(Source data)
○ ○ ○
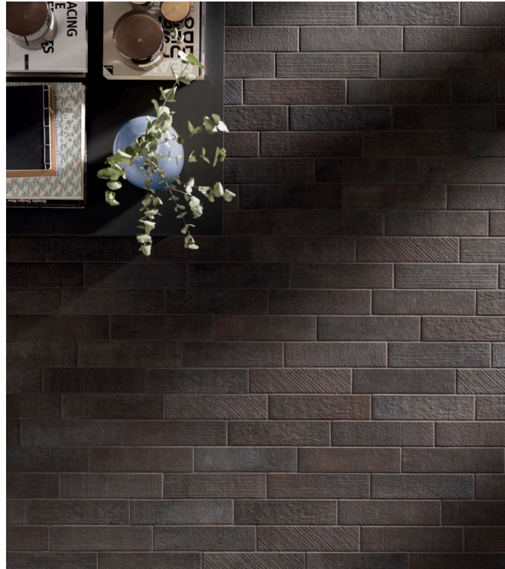
Textile Taupe 7.5 × 30 / Textile Dark 7.5 × 30
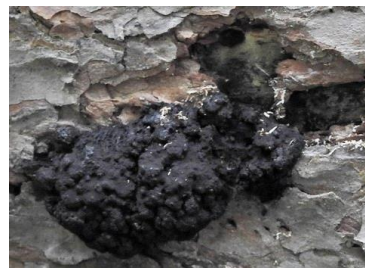
Bultig dropkussen op Grove den (Mark Smeets)

Slijmzwammen worden vaak gezien als een bepaalde groep zwammen, maar dat is niet het geval. Ze nemen een eigen plek in onder de amoëbe-achtige organismen. In dit natuurbericht leggen de auteurs uit hoe dat zit met slijmzwammen en het zeldzame Bultige dropkussen. Natuurbericht
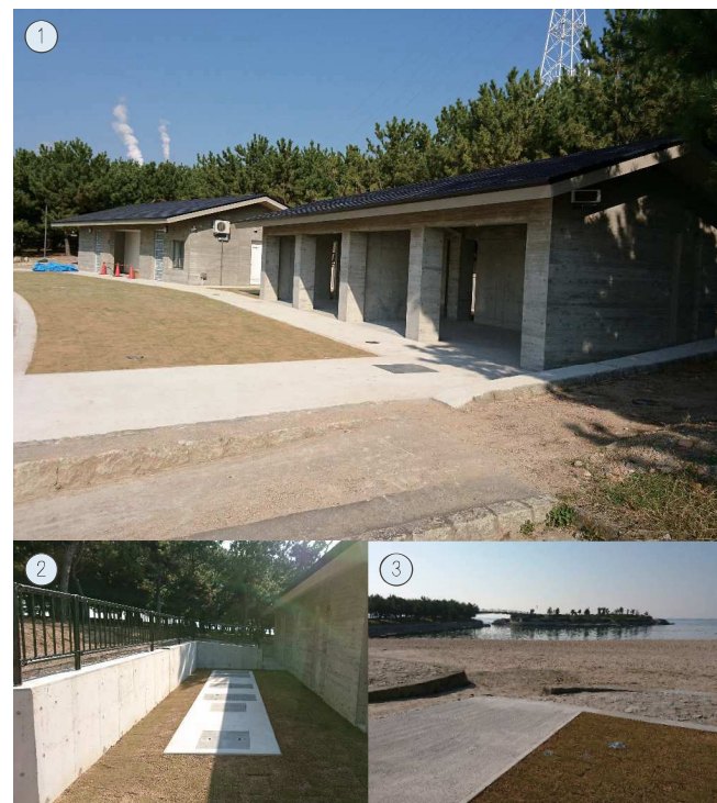
① トイレ建屋 ② 処理装置 ③ 周辺風景

場所：兵庫県高砂市高砂町向島町 施工年月：2017年8月 人 槽：192人槽 汚水量：10.2m 3 /日 発注者：兵庫県 東播磨県民局 仕 様：処理水循環利用
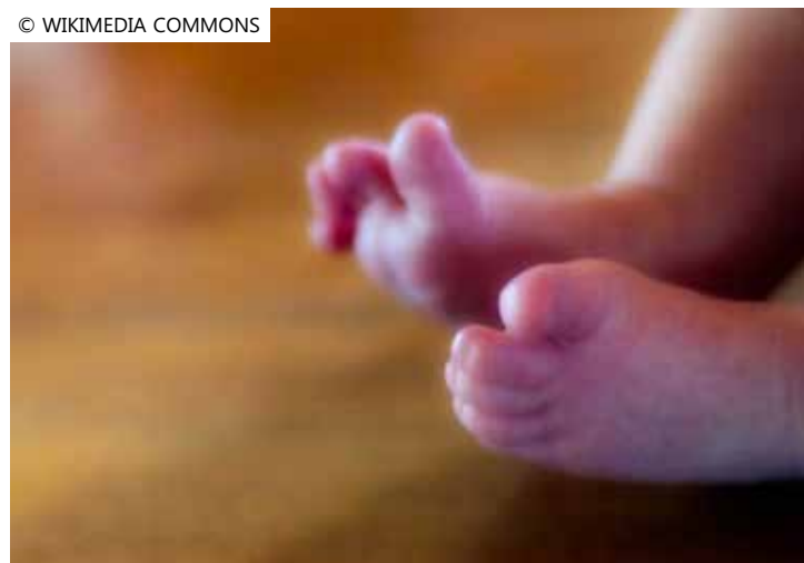
A mãe abriu ação na justiça contra a médica e uma equipe do hospital
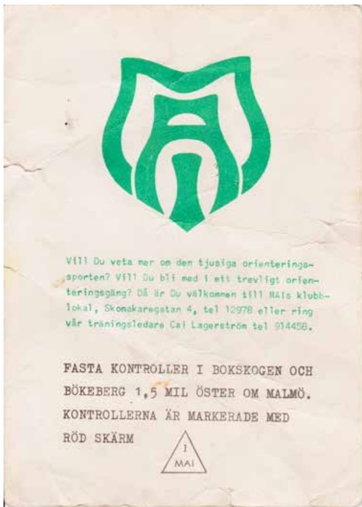
Omslaget till MAIs fasta kontroller
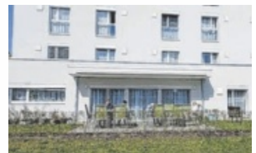
Das Wohnhaus Steyr

STEYR. Der Arbeitsalltag im Wohnhaus Steyr von pro mente OÖ gestaltet sich abwechslungsreich, persönlich und individuell. Beim Tag der offenen Tür am 22. April haben zukünftige Mitarbeiter die Möglichkeit, Einblicke in den Berufsalltag zu gewinnen.
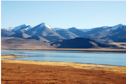
ทะเลสาบโซการ์ ในเดือนตุลาคม

ทะเลสาบงดงาม อยู่สูงกว่าระดับน้ำทะเล 4,530 เมตร (14,860 ฟุต) เป็นทะเลสาบน้ำเค็ม อยู่บนที่ราบสูง Rupshu ทางตอนใต้ของลาดักห์ ในรัฐจัมมูและแคชเมียร์ ปัจจุบันชาวเผ่าเร่ร่อน Changpa ใช้น้ำในทะเลสาบมาผลิตเป็นเกลือ ส่งออกไปยังทิเบต บริเวณนี้มีความผันผวนทางสภาพอากาศมาก ในฤดูหนาวอาจหนาวเย็นได้ถึง -40 องศา และอาจสูงถึง 30 องศา ในฤดูร้อน ฝนแทบไม่ตกเคยมีในพื้นที่แถบนี้
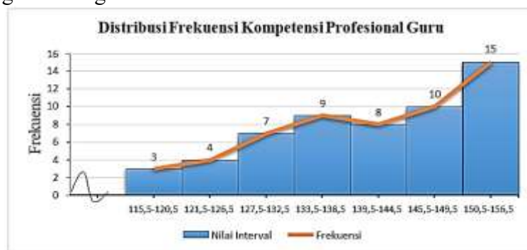
Gambar 4.1 Histogram Distribusi Frekuensi Kompetensi Profesional Guru (Y)

Distribusi frekuensi variabel kompetensi profesional guru (Y) dapat dilihat secara jelas dengan bentuk histogram sebagai berikut ini:
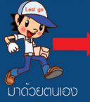
มาด้วยตนเอง
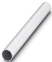
Трубка, высота 250 мм, диаметр 25 мм

Обратите внимание на то, что приведенные здесь данные взяты из online-каталога. Полная информация и данные содержатся в документации пользователя. Действуют Общие условия использования для информации, загруженной из интернета. ( http://phoenixcontact.ru/download )
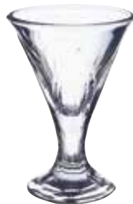
Fidji 6040 01 H : 15,3 cm / ø : 10 cm Cl : 20 / Oz : 7 6 576
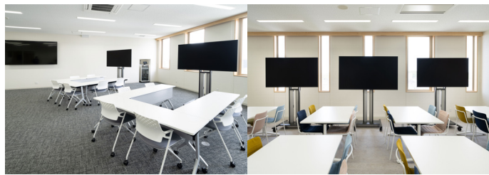
7 階演習室 (左)、7 階デザインラボ (右)。キャスター付きディスプレイとデスクを自由に移動し、さまざまな学びに対応できるようにしている。

数チームに分けたグループワークでの利用など、さまざまな用途で自由に配置して使えるようにしています。この際、どこに移動させても外光や照明の映り込みが少ない法人向けブラビア (BZ40L シリーズ) は良い選択肢でした。
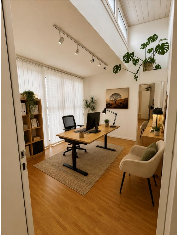
3. Obergeschoss – Behandlungsraum-Büro (Visualisierung)
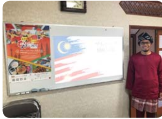
外国人講師派遣ーマレーシア (ふくい市民国際交流協会)
○ ○ ○
**THE PROBLEM**
Without including any pictures, output each entry above exactly as it appears.

**REPLY TO THE EXERCISE**
Textile Taupe 7.5 × 30 / Textile Dark 7.5 × 30
Bultig dropkussen op Grove den (Mark Smeets)

Slijmzwammen worden vaak gezien als een bepaalde groep zwammen, maar dat is niet het geval. Ze nemen een eigen plek in onder de amoëbe-achtige organismen. In dit natuurbericht leggen de auteurs uit hoe dat zit met slijmzwammen en het zeldzame Bultige dropkussen. Natuurbericht
① トイレ建屋 ② 処理装置 ③ 周辺風景

場所：兵庫県高砂市高砂町向島町 施工年月：2017年8月 人 槽：192人槽 汚水量：10.2m 3 /日 発注者：兵庫県 東播磨県民局 仕 様：処理水循環利用
A mãe abriu ação na justiça contra a médica e uma equipe do hospital
Omslaget till MAIs fasta kontroller
Das Wohnhaus Steyr

STEYR. Der Arbeitsalltag im Wohnhaus Steyr von pro mente OÖ gestaltet sich abwechslungsreich, persönlich und individuell. Beim Tag der offenen Tür am 22. April haben zukünftige Mitarbeiter die Möglichkeit, Einblicke in den Berufsalltag zu gewinnen.
ทะเลสาบโซการ์ ในเดือนตุลาคม

ทะเลสาบงดงาม อยู่สูงกว่าระดับน้ำทะเล 4,530 เมตร (14,860 ฟุต) เป็นทะเลสาบน้ำเค็ม อยู่บนที่ราบสูง Rupshu ทางตอนใต้ของลาดักห์ ในรัฐจัมมูและแคชเมียร์ ปัจจุบันชาวเผ่าเร่ร่อน Changpa ใช้น้ำในทะเลสาบมาผลิตเป็นเกลือ ส่งออกไปยังทิเบต บริเวณนี้มีความผันผวนทางสภาพอากาศมาก ในฤดูหนาวอาจหนาวเย็นได้ถึง -40 องศา และอาจสูงถึง 30 องศา ในฤดูร้อน ฝนแทบไม่ตกเคยมีในพื้นที่แถบนี้
Gambar 4.1 Histogram Distribusi Frekuensi Kompetensi Profesional Guru (Y)

Distribusi frekuensi variabel kompetensi profesional guru (Y) dapat dilihat secara jelas dengan bentuk histogram sebagai berikut ini:
มาด้วยตนเอง
Трубка, высота 250 мм, диаметр 25 мм

Обратите внимание на то, что приведенные здесь данные взяты из online-каталога. Полная информация и данные содержатся в документации пользователя. Действуют Общие условия использования для информации, загруженной из интернета. ( http://phoenixcontact.ru/download )
Fidji 6040 01 H : 15,3 cm / ø : 10 cm Cl : 20 / Oz : 7 6 576
7 階演習室 (左)、7 階デザインラボ (右)。キャスター付きディスプレイとデスクを自由に移動し、さまざまな学びに対応できるようにしている。

数チームに分けたグループワークでの利用など、さまざまな用途で自由に配置して使えるようにしています。この際、どこに移動させても外光や照明の映り込みが少ない法人向けブラビア (BZ40L シリーズ) は良い選択肢でした。
3. Obergeschoss – Behandlungsraum-Büro (Visualisierung)
外国人講師派遣ーマレーシア (ふくい市民国際交流協会)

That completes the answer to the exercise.